Tarzan, King of the Apes, swings into Paris museum
PARIS (Reuters Life!) - Tarzan swings out of the African jungle and into France's showcase museum of indigenous art this month in an exhibition that sets out to illustrate one of modern pop culture's most enduring myths.
The exhibition "Tarzan!" is an exception for the Quai Branly Museum, set up by former President Jacques Chirac as a center for the so-called "primary arts" of Africa, the Pacific, the Americas and Asia.
It has little to say about any real African culture, instead focusing on the exotic web of images and mythology behind the King of the Apes and his mate Jane.
"For a good part of the 20th century, popular culture has got its inspiration from the non-European world," said Stephane Martin, director of the Quai Branly museum. "This is a good synthesis of the way popular culture has looked at Africa."
Created in 1912 by Edgar Rice Burroughs, a restless former soldier, prospector and publicity agent from Chicago who never set foot in Africa, Tarzan was an instant success, with over 20 novels translated into 56 languages, thousands of comic strips and dozens of films.
Immortalized onscreen by former Olympic swimming champion Johnny Weissmuller, the image of Tarzan, swinging through the trees with his yodeled cry "Or-ah-uh-ah-aaah-ah-uh-ah-uh-aah!," has remained anchored in the modern imagination ever since.
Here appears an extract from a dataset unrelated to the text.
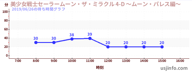 • 美少女戦士セーラームーン・ザ・ミラクル 4-D ~ムーン・パレス編~$B$N(B2019年06月26日の待ち時間

But Tarzan's jungle realm, populated variously by helpful apes, savage cannibals, tigers, sultry beauties clad in leopard skins and the lost descendants of Roman legionaries, is a purely imaginary product of early 20th century America.
"Burroughs was a fantastic sort of sponge, soaking up all kinds of stories, random facts and images," said Roger Boulay, the exhibition's curator.
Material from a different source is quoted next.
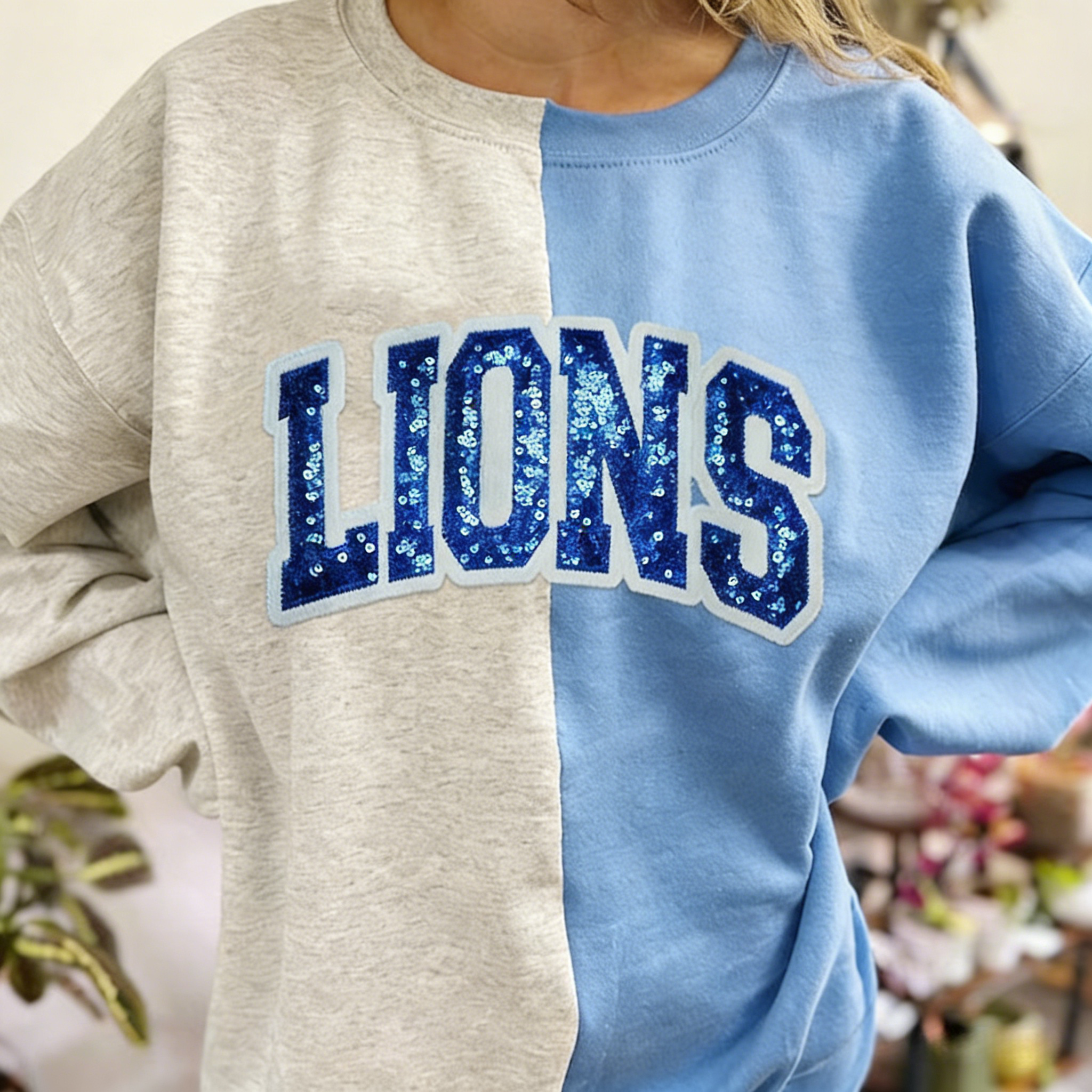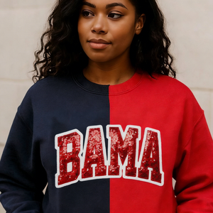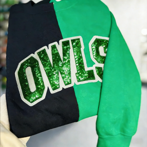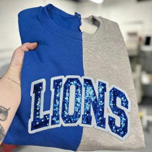 Personalized School Team Sequins Appliqué Embroidered Sweatshirt Two Tone Split Crewneck

He drew on a hodgepodge of influences ranging from the 1893 World's Fair in Chicago, to Charles Darwin's theory of evolution, Rudyard Kipling and the story of Romulus and Remus, the twin founders of Rome who were suckled by a wolf.
"It doesn't tell us anything about Africa at all," said Boulay. "What it tells us about is the some of the ways our culture has seen Africa."
The exhibition features photographs, books, original plates from many of the comic strips by masters of the genre like Burne Hogarth, as well as a special stand where visitors can try to win a trip to Africa by imitating Tarzan's famous cry.
There are several extracts from films ranging from "Tarzan of the Apes" in 1918 to the Weissmuller movies of the 1930s and the 1984 epic "Greystoke: The Legend of Tarzan."
The now-proverbial exchange "Me Tarzan, you Jane" does not feature, however. It was apparently a joking comment by Weissmuller that he never actually said onscreen.
But the exhibition shows that Burroughs' hero was a far more articulate character than the tongue-tied hunk of the screen -- the son of a British aristocrat who spoke English, French and the language of apes and had a smattering of Latin as well.
It looks at the way the myth of Tarzan rides roughshod over genuine African cultures as well as the casual racism implicit in the story of a white man ruling alone in the African forest.
But as if to show that the myth of Tarzan still resonates, the exhibition also looks at ways in which he can be seen as the first green superhero, fighting ivory poachers equipped with just his loincloth, a knife and a jungle vine.
The exhibition runs from June 16 to September 27.